There were a total of 150,073 votes cast with a total of 297 spoiled ballots.

2024 Wokingham Borough Council election
| Party |  | Candidates | Seats | Gains | Losses | Net gain/loss | Seats % | Votes % | Votes | +/− |
|  | Liberal Democrats | 54 | 27 | 1 | 0 | +1 | 50.0 | 41.2 | 61,794 | –0.1 |
|  | Conservative | 54 | 19 | 0 | 3 | −3 | 35.2 | 37.9 | 56,938 | +1.3 |
|  | Labour | 54 | 8 | 3 | 0 | +3 | 14.8 | 18.1 | 27,173 | +1.8 |
|  | Green | 8 | 0 | 0 | 0 | 0 | 0.0 | 2.3 | 3,383 | –0.6 |
|  | Independent | 1 | 0 | 0 | 1 | −1 | 0.0 | 0.2 | 336 | –1.5 |
|  | TUSC | 2 | 0 | 0 | 0 | 0 | 0.0 | 0.1 | 152 | +0.1 |

==Ward results==

Sitting councilors are marked with an asterisk (*).

===Barkham & Arborfield===

Barkham & Arborfield was formed from the former single-member wards of Barkham and Arborfield, plus the West of Finchampstead South centred on Arborfield Green, and a very small part of the old Swallowfield ward.
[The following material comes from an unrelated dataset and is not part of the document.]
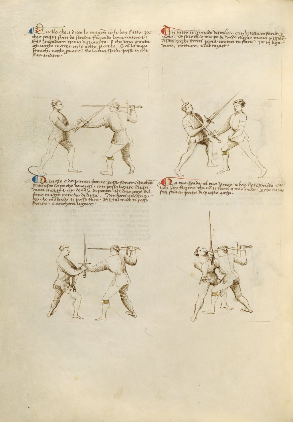 ¶ Quello che a ditto lo magistro io l’o ben fatto, zoe ch’io passai fora de strada façendo bona coverta, E lo zugadore trovo discoverto, si che una punta gli voglo metter in lo volto per certo, E cum la man stancha voglo provare, Se la tua spada posso in terra far andare.

It was the only ward with no incumbent councillors standing. Both Barkham's Ian Pittock (Liberal Democrat) and Arborfield's Gary Cowan (Independent) stood down, and both Finchampstead South councillors, David Cornish (Liberal Democrat) and Rebecca Margetts (Conservative) contested the new Finchampstead ward. Annette Medhurst was the Labour candidate for Wokingham in the 2019 General Election, finishing third with 10.4% of the vote.

Barkham & Arborfield
| Party |  | Candidate | Votes | % | ±% |
|---|---|---|---|---|---|
|  | Liberal Democrats | Adrian Betteridge | 1,018 | 42.7 |  |
|  | Conservative | Joseph Barley | 982 | 41.2 |  |
|  | Conservative | George Evans | 973 | 40.8 |  |
|  | Liberal Democrats | Joseph Boadu | 964 | 40.5 |  |
|  | Liberal Democrats | Heather Richards | 940 | 39.4 |  |
|  | Conservative | Sebastian Graabek | 840 | 35.2 |  |
|  | Green | Asad Feroz | 322 | 13.5 |  |
|  | Labour | Jane Francis | 257 | 10.8 |  |
|  | Labour | Annette Medhurst | 242 | 10.2 |  |
|  | Labour | Tim Jinkerson | 202 | 8.5 |  |
| Rejected ballots |  |  | 7 |  |  |
| Turnout |  |  | 2,390 | 32.2 |  |
|  | Liberal Democrats win (new seat) |  |  |  |  |
|  | Conservative win (new seat) |  |  |  |  |
|  | Conservative win (new seat) |  |  |  |  |

===Bulmershe & Coronation===

Bulmershe & Coronation contains almost all of the former Coronation ward, the part of the former Sonning ward which was in the parish of Woodley, and much of the Bulmershe part of the three-member Bulmershe and Whitegates ward.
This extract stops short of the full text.